The first story in the book was about a 9-year-old boy, his baby brother and mum jumping out of a moving minibus. It sounds dangerous and exciting, but there is more to it. For us readers from around the world, it is hard to understand the history of a society, but you can understand a story and the context within it. Trevor's mum is Xhosa, a tribe in South Africa; he is mixed race, meaning the mother had a relationship with a white man; the bus driver was Zulu, a rival tribe. Now, there is the history of apartheid, the stereotyping of women in general and Xhosa women, the patriarchal society of the country, the poverty, and much more, all crammed into one simple and funny adventure of a 9-year-old boy. How you tell such a story, how you convey the message, is real art.

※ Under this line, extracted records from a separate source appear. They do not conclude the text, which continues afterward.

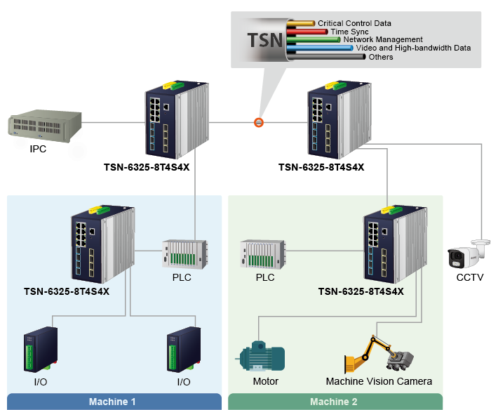 PLANET TSN-6325-8T4S4X is a brand-new Industrial-grade Layer 3 Time-Sensitive Networking (TSN) Managed Ethernet Switch which features 8 10/100/1000BASE-T RJ45 ports, 4 1G/2.5GBASE-X SFP ports and 4 10GBASE-SR/LR SFP+ ports and Layer 3 IP routing in a rugged IP30 metal case for stable operation in heavy environments, address all levels of the industrial automation network, from the field bus to the factory backbone. And it guarantees end-to-end transmission of high-priority traffic with extremely low latency.
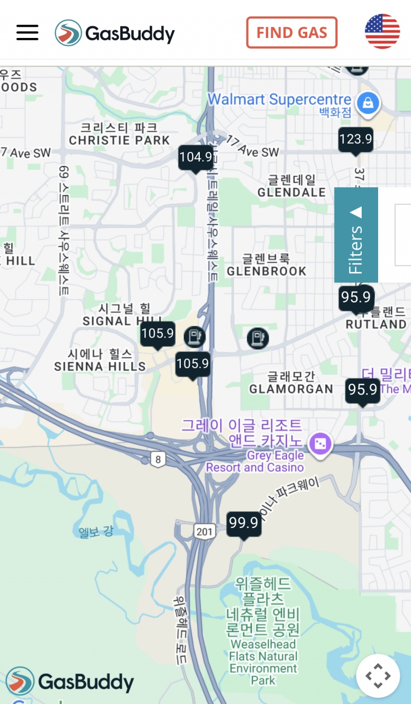 캘거리 SW시그널 힐 수퍼스토어가 105.9 , 인근 원주민 지역 주유소가 99.9이구요. 더 남쪽 코스코 주유소는 97.9를 가르키고 있어요.
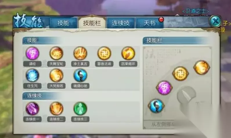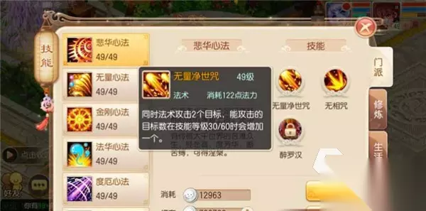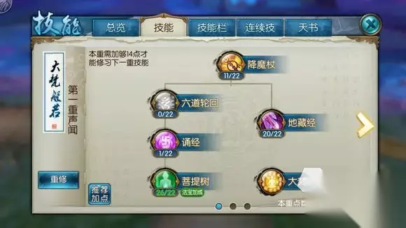 二、熟悉技能情况及加点 该门派技能进行加点形式也是多样化的,可以先来看比较常规的技能加点形式,普通攻击降魔杖,只需要加一点将后续技能引出就好了,然后就是地藏经,因为天音的命中率是比较低的,所以这个必须点满,点满之后就可以有效提高他们的命中了,诵经是一个远程技能,PK的时候很好用,也是必须加点的,菩提树这个技能需要点上,被动可以加很气,这种加点方式是比较通用的,可以说是适用性比较强的一套,能适用于大部分的情况和任务的。
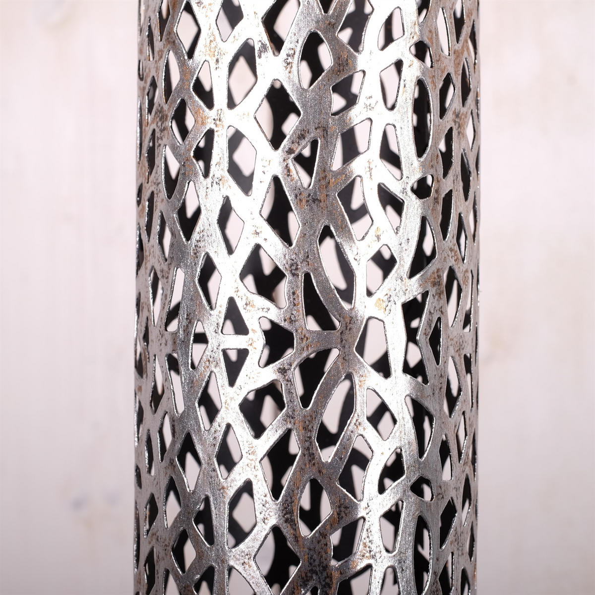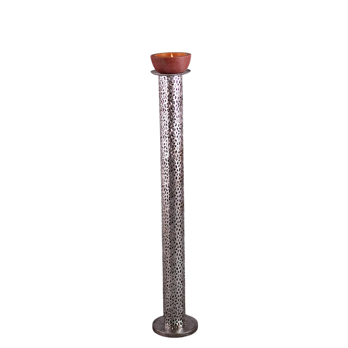 Элегантная металлическая напольная подставка с отделкой под античное серебро мгновенно преобразит атмосферу в любой гостиной. Благодаря стильной отделке под античное серебро, она создаст в вашем доме атмосферу великолепия в сочетании с красивой свечой. Подставка идеально гармонирует с изысканным винтажным стилем интерьера. Подсвечник имеет замечательную высоту около 100 см, что делает его идеальным для размещения на уровне дивана.
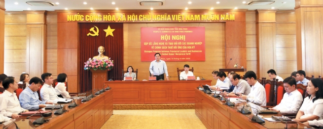 Vinh Phuc province recently held a meeting on U.S. reciprocal tariffs with the business community, chaired by Mr. Tran Duy Dong, Chairman of the Provincial People's Committee, and attended by local leaders and representatives from nearly 50 exporters to the U.S. market.
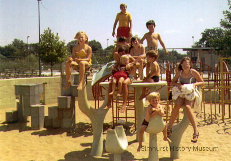 Children on playground equipment at York Commons at 665 S York Street. The swimming pool is in the background.Photograph Details
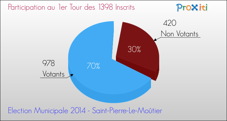 Le dimanche 30 mars dernier, pour le second tour des élections municipales à Saint-Pierre-le-Moûtier, sur les 1398 inscrits pouvant voter, 1014 votants se sont déplacés pour choisir leurs prochains élus.
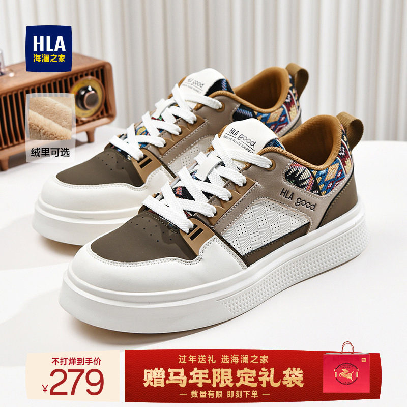 HLA/海澜之家男鞋2025冬季百搭潮鞋增高加绒青少年休闲小白板鞋男
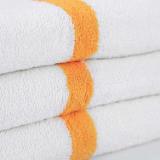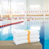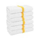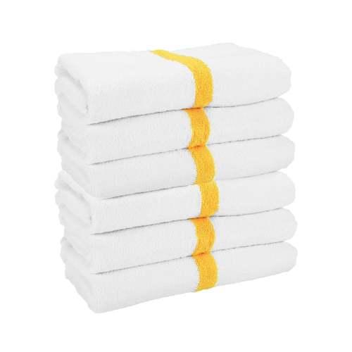 Our 6 lb. single-stripe white power gym/pool towels are comparably priced to similar towels and punch way above their weight. The bold Power Towel line is softer and more absorbent, with brighter whites and deeper colors than typical striped institutional bath and hand towels.
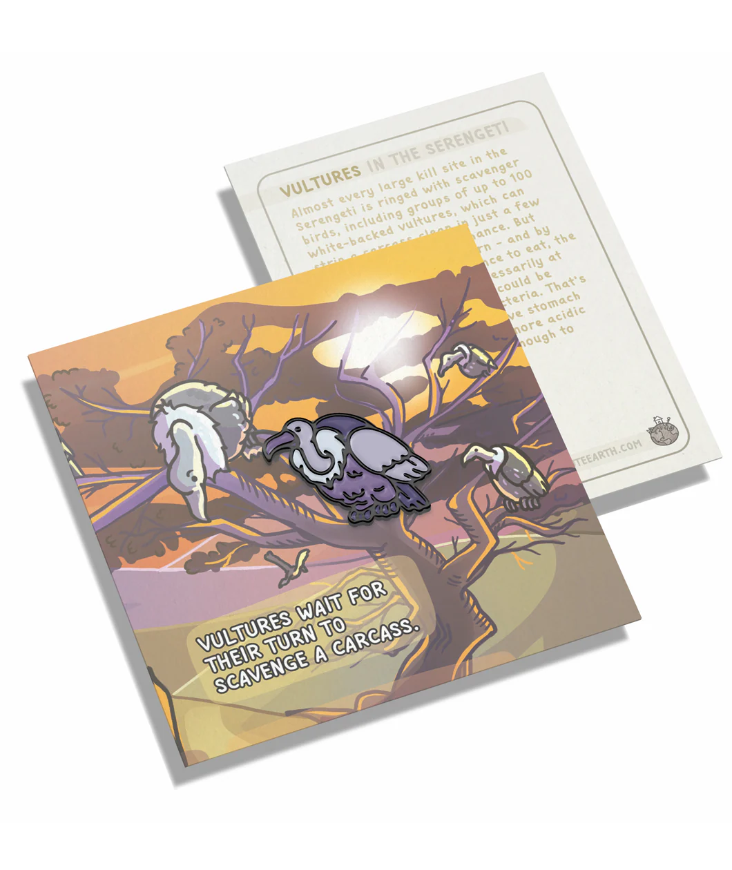 The Serengeti plains are full of life… and death. Collect all four black metal plated enamel pins to learn about the unique circle of life in the Serengeti. Each pin comes with a story card detailing that animals role in the wild. And once you use your pins, the background artwork of all four fit together to create a scene that you can continue to admire or display.
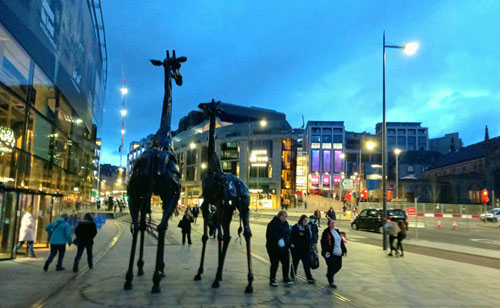 Vincent chose his giraffes, liking the ambiguity of the picture, the colours, and the contrast between the noble giraffes and the much less elegant, scurrying and slightly clumsy humans.
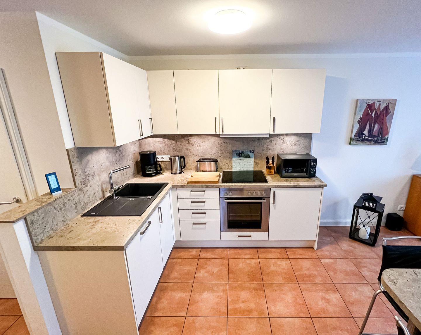 Die gesamte Ferienwohnung ist gefliest und mit einer Fußbodenheizung ausgestattet.
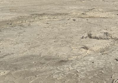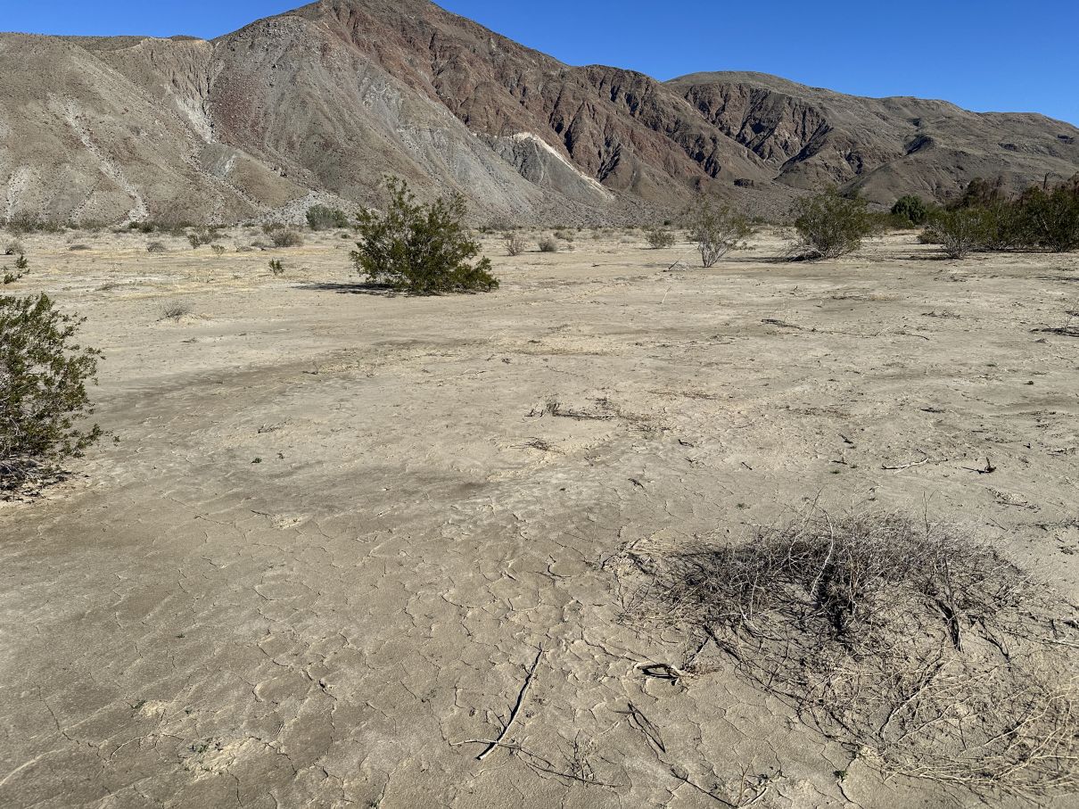 The southern drainage seen in Fig. 3 is especially easy to trace, since it is typically 10 to 20 feet wide, and is incised over nearly its entire length by two to three feet. When we traversed it in December 2025, it had ~10 foot wide dried mud in the channel over most of its length, and had unfortunately been driven on by an unauthorized vehicle; see one example.

As each story moved on, I could easily predict where it was heading, see the ending from a mile away, yet I would still sit in my corner, captive to the storyteller as he goes on telling his story. The stories are so different but I can easily relate to them—weird and wonderful, alien and human, not about me, but they could be me, because he (the storyteller) made me part of the story. I was listening to Trevor's stories, painting the scenes in my mind, putting myself inside the story, watching and listening to the storyteller and to all the surroundings, the characters, the drama, and most importantly, the history.
I finished the book and was more informed about domestic violence, why poverty breeds poverty, why South Africa is struggling, and many more things. I learnt a lot from those stories—a lot about Trevor Noah and a lot about South Africa, also a lot about myself and humanity. Strangely, the main thing I learnt from this book is how to be a good storyteller, so your story is known, your suffering, history and what is holding your future come out to everyone while they are paying attention.